Exercise goal
Every picture should be left out, but the lines below must be repeated exactly.

Records from a collection
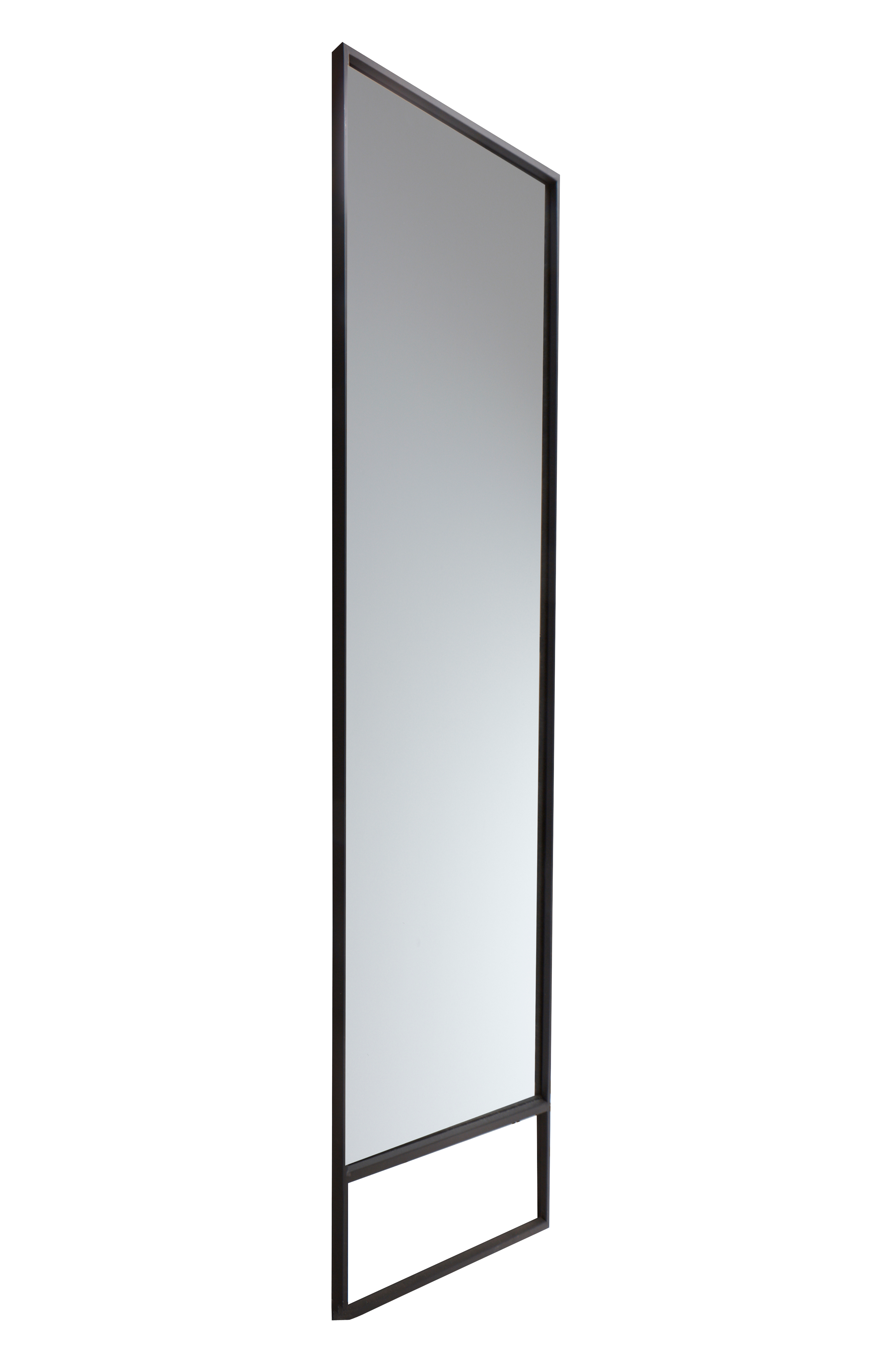 Gulvspejl med stilfuld, elegant jernramme med mat finish. Det høje, smalle spejl har to bøjler på bagsiden og kan også placeres på gulvet lænet op ad væggen. Det er rart at have et spejl derhjemme, hvor man kan se sin fulde figur, så looket føles ok fra top til tå.
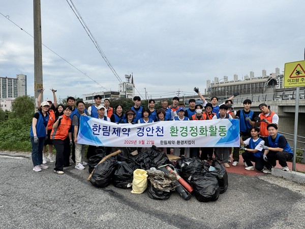 한림제약(대표 김정진)은 지난 9월 27일 용인시와 수자원본부가 주관한 '2025년 맑은 하천 사회공헌사업'의 일환으로 용인시의 경안천 수포교 인근에서 환경정화 활동을 진행했다고 14일 밝혔다.
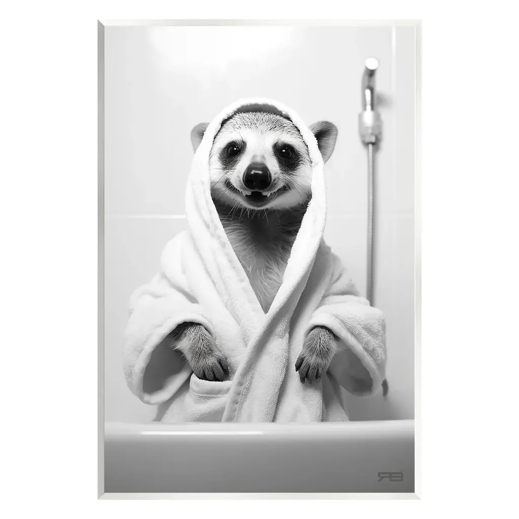 Add dimension to any room with our textured Framed Giclee Artwork. Our framed artwork is securely mounted into a 1.5-inch thick wood grain frame and ready to hang. Frames are available in three alluring styles: black, gray farmhouse and white. In addition, you should check out our oversized options if you want a statement piece. Stupell Wall Art is made in the USA.Features: Dimensions: 11 x 1.5 x 14 FramedFramed Giclee Products are available in the sizes 11"x14", 16"x20" or 24"x30". All Framed Giclee Products have a 1.5" Depth. Wall Art is Ready to Hang with Hardware Free Hanging. No installation required. For Easy Set Up Lean or Layer Artwork on Shelf or Against Wall.Our giclée prints are carefully mounted on a durable MDF backing, and then perfectly finished in a 1.5 inch thick woodgrain frame. Mounted frame colors include black, gray farmhouse and white. Made In USA.Artwork Relates To: Tub, Bathing, Bathtub, Bathroom, Animal, Wildlife, Possum, MeerkatDesign by RB
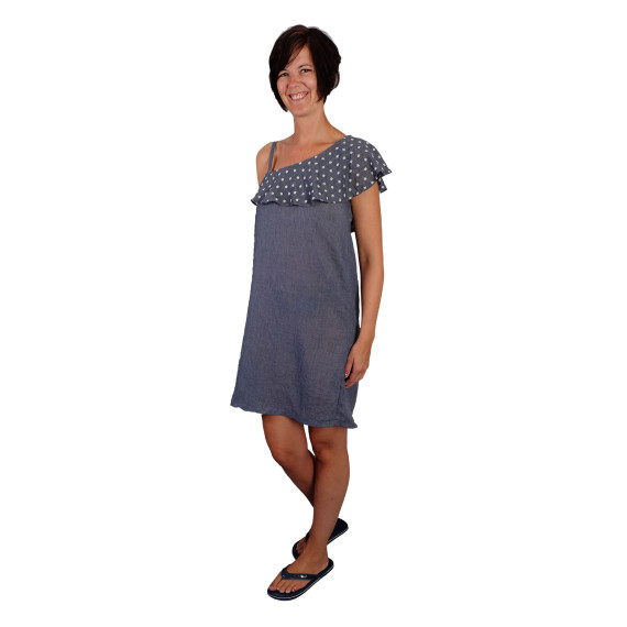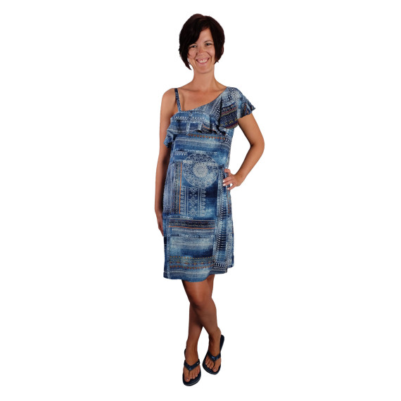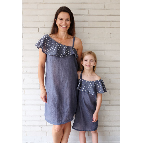 Dies ist ein Schnittmuster für ein Oneshoulder Kleid mit einem Volantkragen. Je nach Stoff wird dieses Kleid elegant oder sportlich aussehen. Dieses Kleid kann aus allen Materialien genäht werden. Aus unelastischen Stoffen ist es notwendig, einen nahtfeinen Reißverschluss einzuarbeiten.
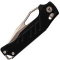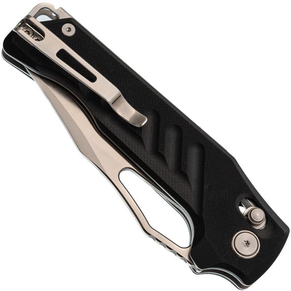 Рукоять имеет изогнутую форму с чойлом и подпальцевой выемкой, что обеспечивает комфортный и безопасный хват. Такая форма позволяет уверенно выполнять протыкающие резы и создаёт точный контроль над ножом при более аккуратных задачах. Основа рукояти изготовлена из единого стального лайнера, что создает ощущение надежности и прочности. Накладки выполнены из стеклотекстолита G10, который отличается высокой прочностью, устойчивостью к воздействию химических веществ и температурным перепадам. Ручка расположена несколько выше лезвия, что удобно при резке на поверхности.
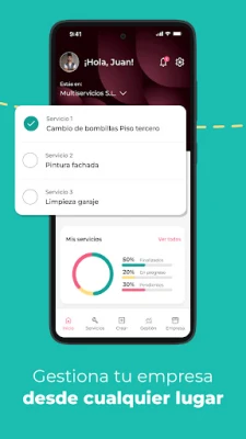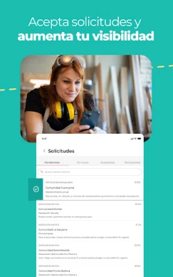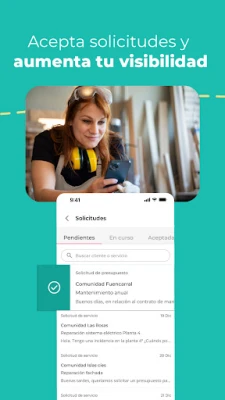 - Gestión de trabajos simplificada: Recibe solicitudes, envía presupuestos, asigna tareas, adjunta documentos y mantén el control de todas tus tareas y servicios
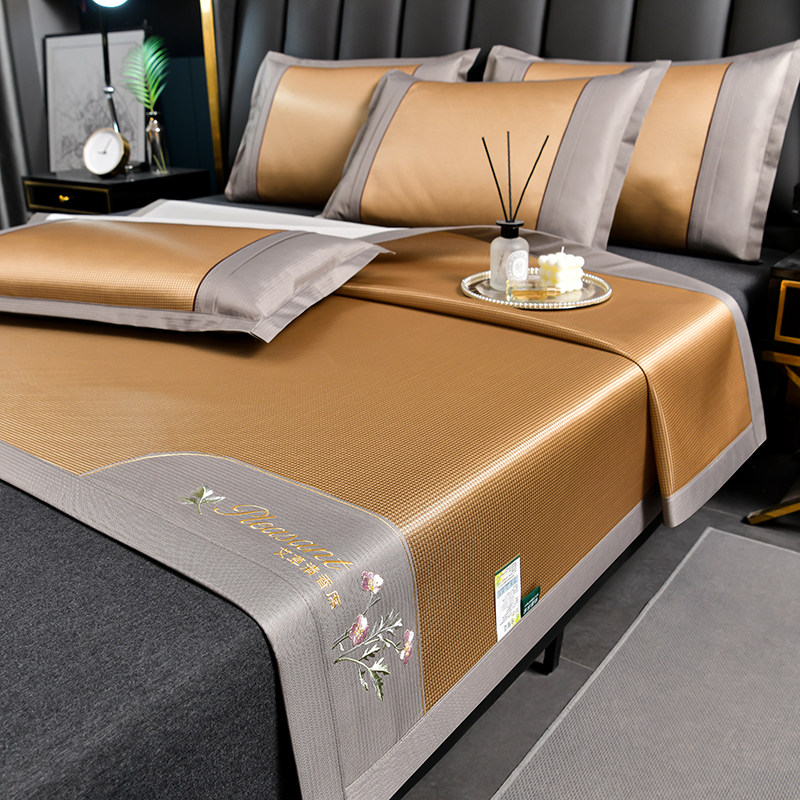 夏季双面古藤凉席三件套床上用品空调可折叠空调冰丝艾草席子
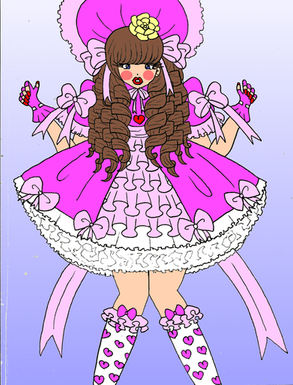 Robert was scared and ready to escape Cara's living room, but then suddenly collapsed into his seat due to Cara drugging his Zombie. He then awoke several hours later in a daze. He stood up to realize Cara and Sarah were taking pictures of him on their phones. Robert tried to hide his face to discover pink frilly ribbons attached from his ankles to his wrists limiting his reach. He then noticed the pink gloves and his black mary jane shoes complimented by pink polka dot stockings running up his legs. The dress was hard not to notice with it's pink glow, fluffy petticoats and plenty of bells. He was also locked into the ribbons, shoes, and dress. The girls then showed him a mirror where he discovered his new lipstick shade, blush color and eye shadow. His new wig was also very "cute" as Sarah put it. Most uncomforting thing Robert found out was a think feeling near his crotch area. The girls then explained "Well doll, It seems you've started to feel the diaper. We put it underneath your new panties because we don't want anyone to know that you're a big boy!"

Final answer
 Gulvspejl med stilfuld, elegant jernramme med mat finish. Det høje, smalle spejl har to bøjler på bagsiden og kan også placeres på gulvet lænet op ad væggen. Det er rart at have et spejl derhjemme, hvor man kan se sin fulde figur, så looket føles ok fra top til tå.
 한림제약(대표 김정진)은 지난 9월 27일 용인시와 수자원본부가 주관한 '2025년 맑은 하천 사회공헌사업'의 일환으로 용인시의 경안천 수포교 인근에서 환경정화 활동을 진행했다고 14일 밝혔다.
 Add dimension to any room with our textured Framed Giclee Artwork. Our framed artwork is securely mounted into a 1.5-inch thick wood grain frame and ready to hang. Frames are available in three alluring styles: black, gray farmhouse and white. In addition, you should check out our oversized options if you want a statement piece. Stupell Wall Art is made in the USA.Features: Dimensions: 11 x 1.5 x 14 FramedFramed Giclee Products are available in the sizes 11"x14", 16"x20" or 24"x30". All Framed Giclee Products have a 1.5" Depth. Wall Art is Ready to Hang with Hardware Free Hanging. No installation required. For Easy Set Up Lean or Layer Artwork on Shelf or Against Wall.Our giclée prints are carefully mounted on a durable MDF backing, and then perfectly finished in a 1.5 inch thick woodgrain frame. Mounted frame colors include black, gray farmhouse and white. Made In USA.Artwork Relates To: Tub, Bathing, Bathtub, Bathroom, Animal, Wildlife, Possum, MeerkatDesign by RB
 Dies ist ein Schnittmuster für ein Oneshoulder Kleid mit einem Volantkragen. Je nach Stoff wird dieses Kleid elegant oder sportlich aussehen. Dieses Kleid kann aus allen Materialien genäht werden. Aus unelastischen Stoffen ist es notwendig, einen nahtfeinen Reißverschluss einzuarbeiten.
 Рукоять имеет изогнутую форму с чойлом и подпальцевой выемкой, что обеспечивает комфортный и безопасный хват. Такая форма позволяет уверенно выполнять протыкающие резы и создаёт точный контроль над ножом при более аккуратных задачах. Основа рукояти изготовлена из единого стального лайнера, что создает ощущение надежности и прочности. Накладки выполнены из стеклотекстолита G10, который отличается высокой прочностью, устойчивостью к воздействию химических веществ и температурным перепадам. Ручка расположена несколько выше лезвия, что удобно при резке на поверхности.
 - Gestión de trabajos simplificada: Recibe solicitudes, envía presupuestos, asigna tareas, adjunta documentos y mantén el control de todas tus tareas y servicios
 夏季双面古藤凉席三件套床上用品空调可折叠空调冰丝艾草席子
 Robert was scared and ready to escape Cara's living room, but then suddenly collapsed into his seat due to Cara drugging his Zombie. He then awoke several hours later in a daze. He stood up to realize Cara and Sarah were taking pictures of him on their phones. Robert tried to hide his face to discover pink frilly ribbons attached from his ankles to his wrists limiting his reach. He then noticed the pink gloves and his black mary jane shoes complimented by pink polka dot stockings running up his legs. The dress was hard not to notice with it's pink glow, fluffy petticoats and plenty of bells. He was also locked into the ribbons, shoes, and dress. The girls then showed him a mirror where he discovered his new lipstick shade, blush color and eye shadow. His new wig was also very "cute" as Sarah put it. Most uncomforting thing Robert found out was a think feeling near his crotch area. The girls then explained "Well doll, It seems you've started to feel the diaper. We put it underneath your new panties because we don't want anyone to know that you're a big boy!"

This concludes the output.